Ситуация «отыгрывания вовне» иллюстрирует, что может происходить в случае, когда пациент принимает серьезные решения до завершения совместной работы, и каких негативных переживаний аналитик стремится избежать. Не секрет, что часто результатом прохождения анализа, могут быть существенные не только внутренние изменения, но и внешние перемены в жизни пациента, например, изменение семейного положения (развод), смена круга общения и т. д. Чтобы не быть «козлом отпущения» для окружающих, которые не всегда приветствуют изменения близкого человека, аналитик предостерегает пациента от принятия им серьезных решений во время анализа. Тем самым аналитик снимает с себя определенную ответственность за пациента. В ситуации же «отыгрывания вовне» это не удается в силу того, что анализ еще не закончен, и происходящее с пациентом связано с работой аналитика.

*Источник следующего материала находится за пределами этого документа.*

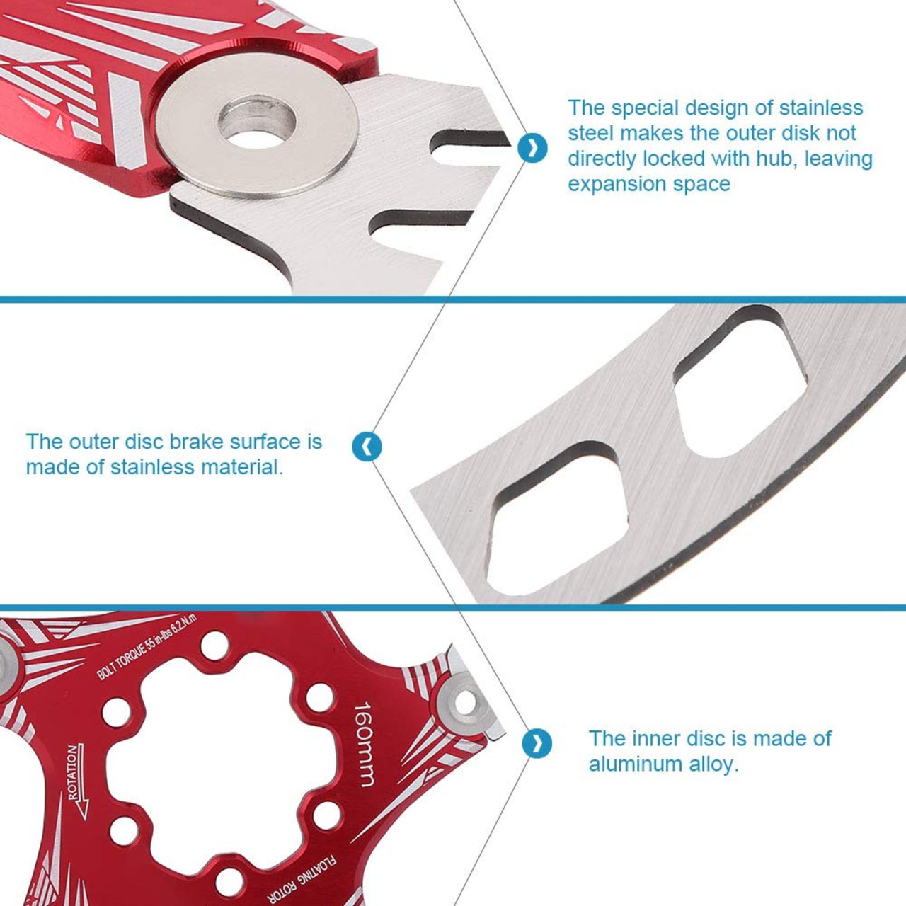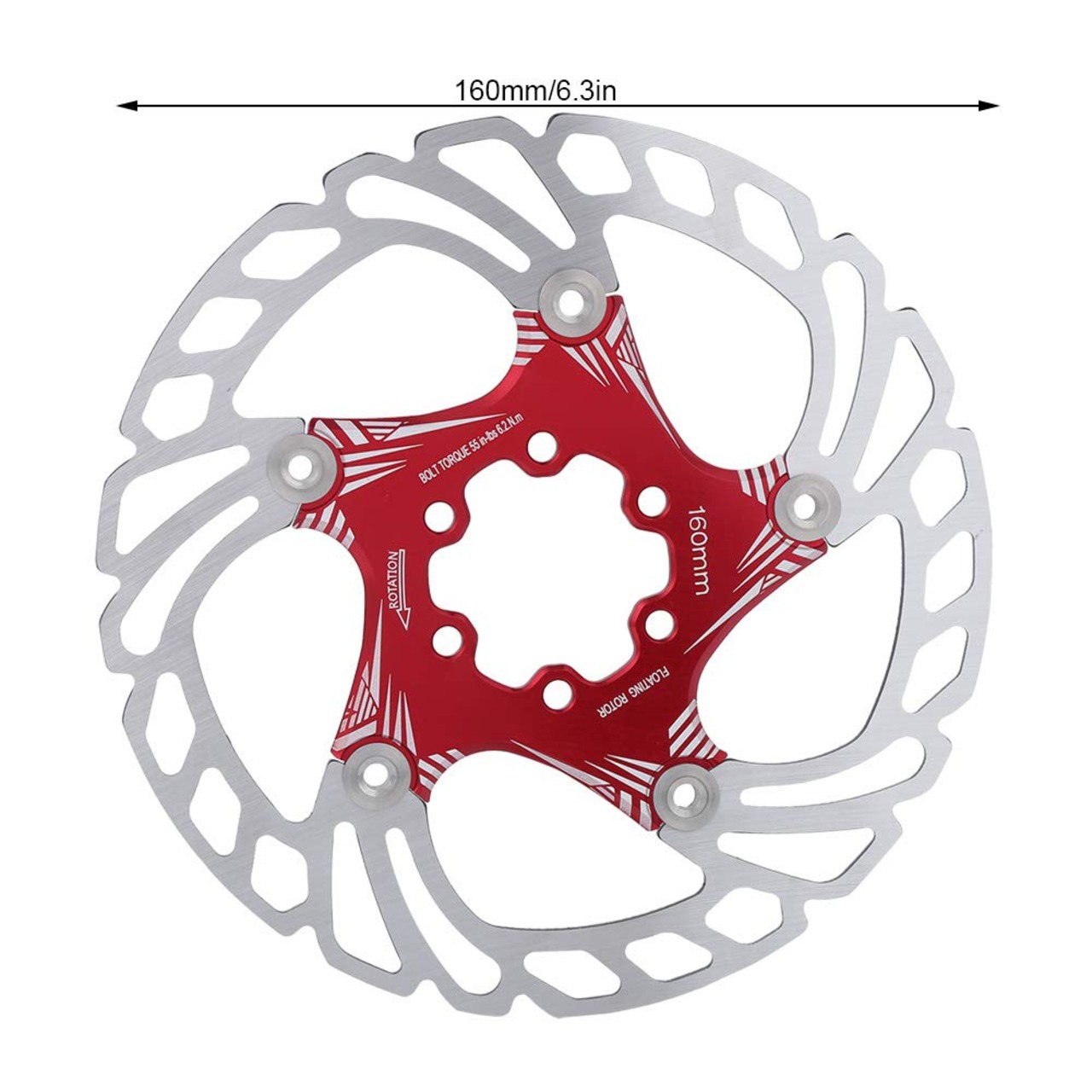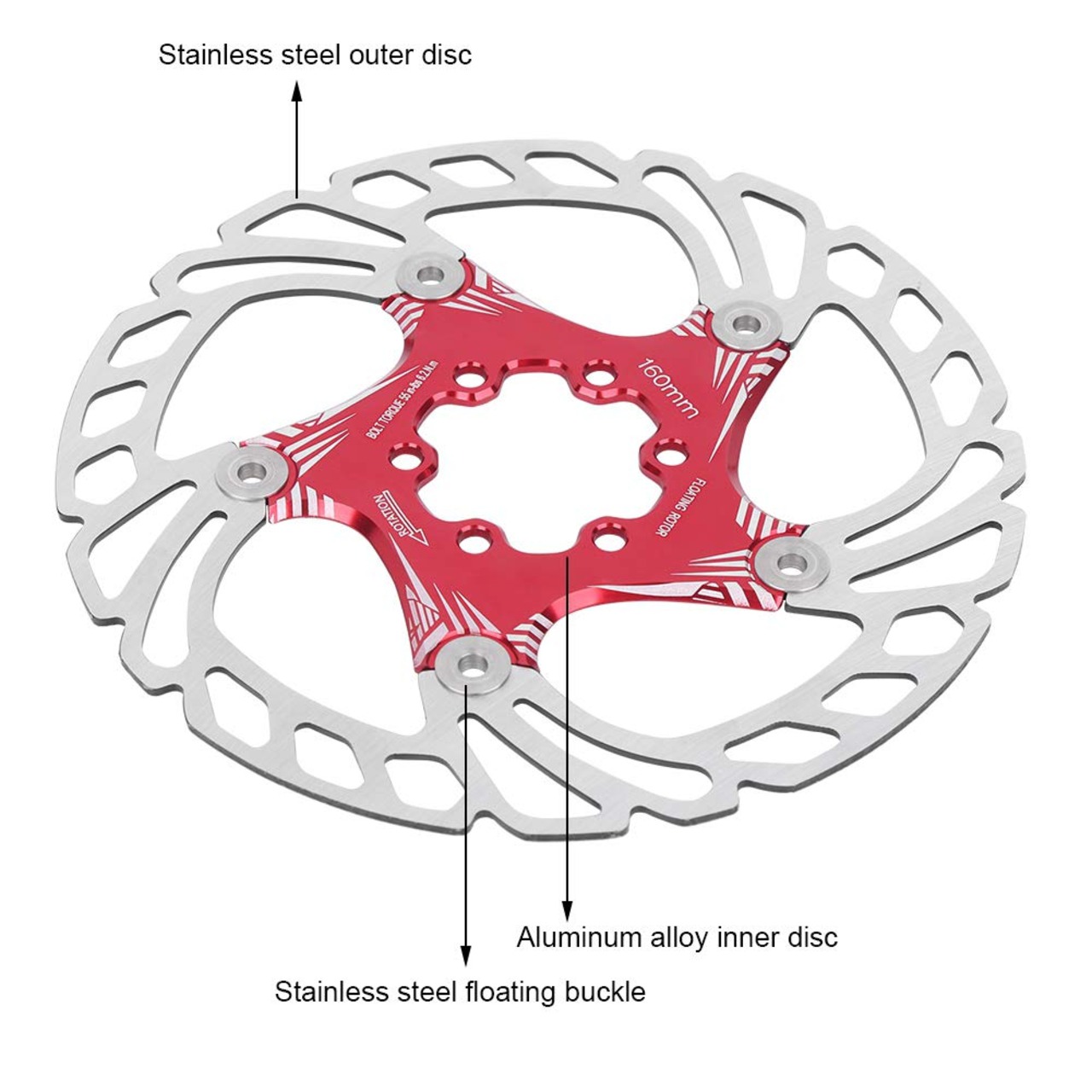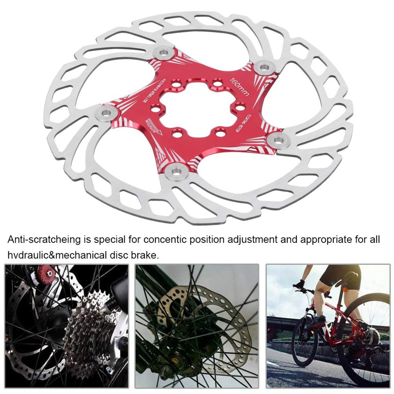 ディスクブレーキローター 160 mm マウンテンバイク 耐久 長時間使用 取り付け簡単 5ネイル ディスクブレーキ 超軽量 金属 サイクリングアクセサリー 赤

В ситуации асоциального отыгрывания функцию компенсации уснувшей совести пациента, а точнее ее неполной сформированности, берет на себя аналитик. Он контейнирует свои негативные переживания — свои страхи, чувство вины, возникающие при идентификации с пациентом или активизации своего Суперэго. Аналитик позволяет пациенту использовать окружающий мир в качестве игровой комнаты, в которой он должен психологически повзрослеть, и ему остается только посочувствовать тем людям, которые волею случая оказались в той же комнате с пациентом. Понятно, что и пациент, в то же время, становится орудием, с помощью которого удовлетворяются глубинные асоциальные потребности аналитика.

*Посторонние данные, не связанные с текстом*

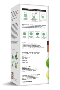 QUALITY & TRUST: Krishna’s Amla Ras is a trusted product. It is an Ayurvedic & herbal juice made in GMP, FSSAI-approved facility, and is made from organically sourced, natural ingredients. It is natural with no added chemicals, heat, sugar, flavors, or colors. Add 30 ml juice using the measuring cap to 30ml water. Consume twice a day before a meal. For best results, complete at least 1 bottle. After opening the bottle, consume it within 1 month.
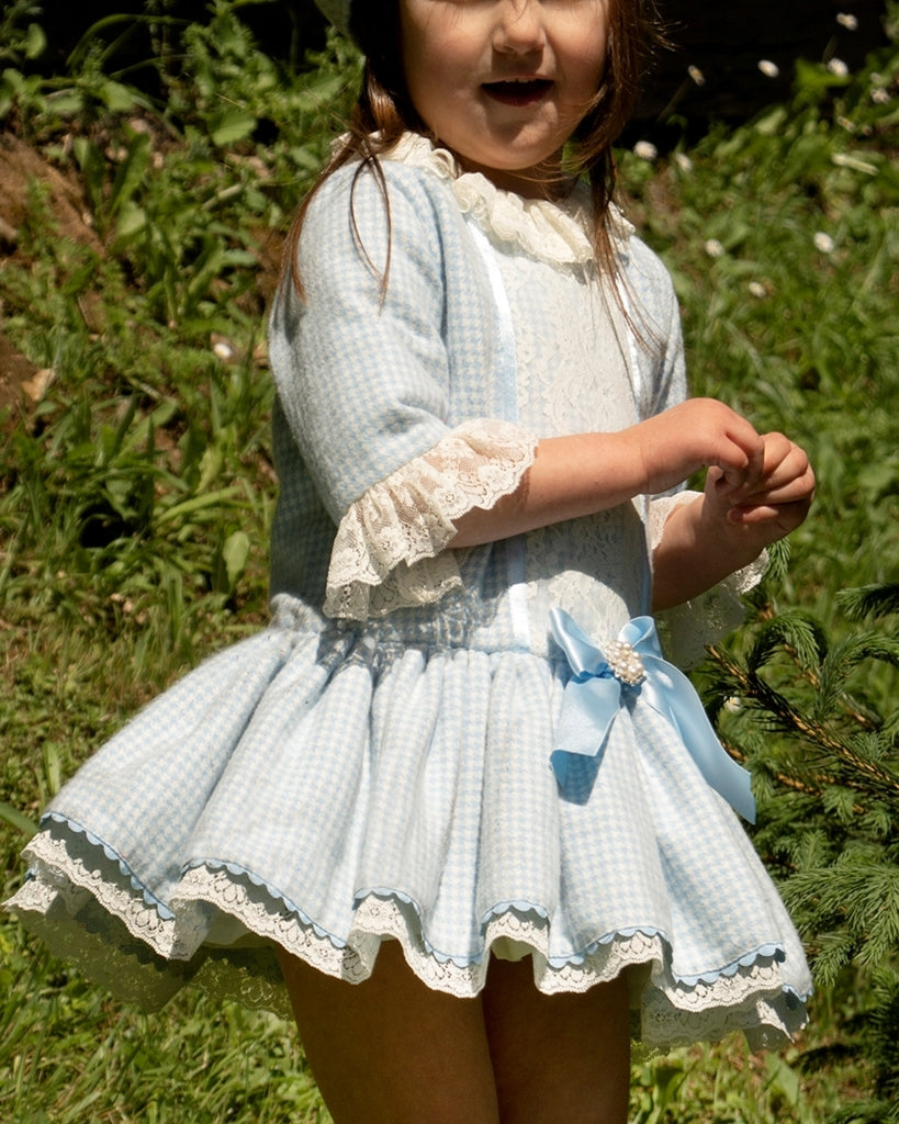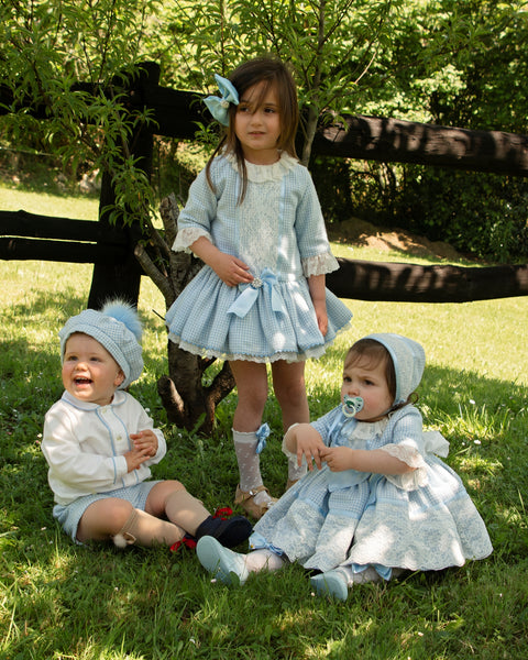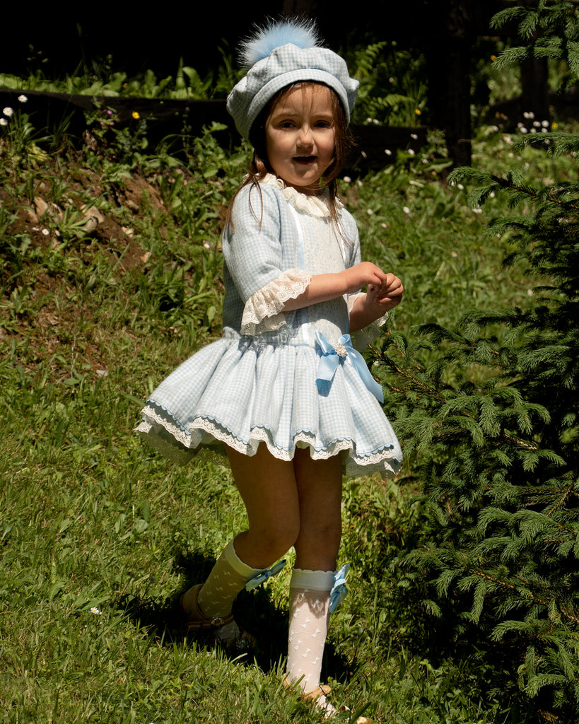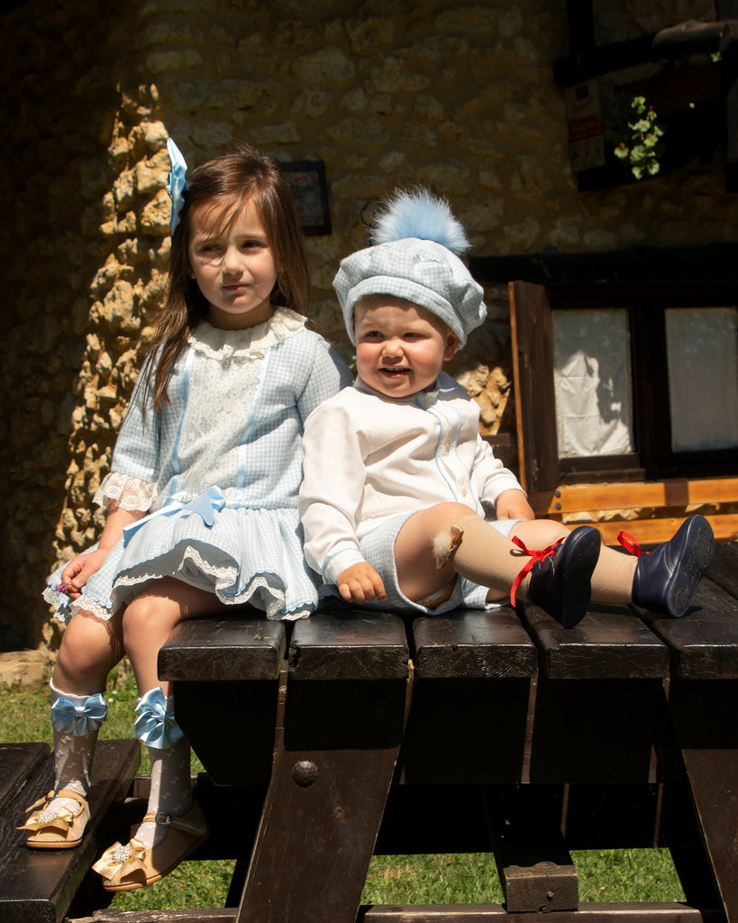 Sonata Infantil Spanish girls blue check dropwaist dress. Matching beret isn't included but is available to order here and matching socks are available here. This item is made to order and takes approximately 8 weeks to arrive from the order date (if you need the item sooner please message us to discuss this) Also available is a matching boys set here and a matching lace baby dress here

Мне кажется, что аналитик, признает он это или нет, несет ответственность перед собой за удержание пациента в рамках допустимого уровня асоциальности, то есть того уровня, который еще переносим для окружающих, а также за удержание себя в рамках того уровня вины, которую он готов взять на себя, как «козел отпущения» асоциального отыгрывания пациента. Видимо этот период «виноватости» аналитика заканчивается, когда пациент ощущает неадекватность своих поступков в социуме и просит аналитика оценить их с точки зрения «нормального» человека. Например, пациентка говорит, что аналитик, наверное, ее осуждает за то, что она в 6 утра включала дома громкую музыку, а соседи стучали в стенку.
Таким образом, способность аналитика переносить негативные чувства за асоциальное отыгрывание пациента и способность нести чувство вины за него, то есть быть «козлом отпущения», пока пациент «не вырастет», характеризует насколько «отыгрывание вовне» будет эффективной составляющей в терапии пациента.
Литература
Кохут, Х. Анализ самости. — М.: КогитоЦентр, 2003. — 368 с.
Томэ, Г., Кэхеле, Х. Современный психоанализ. Т. 1. Теория. — М.: Прогресс — Литера, 1996. — 576 с.
Ракер, Г. Значение и использование контрпереноса //В сб. Эра контрпереноса. — М.: Академический проект, 2005. — C. 292–350.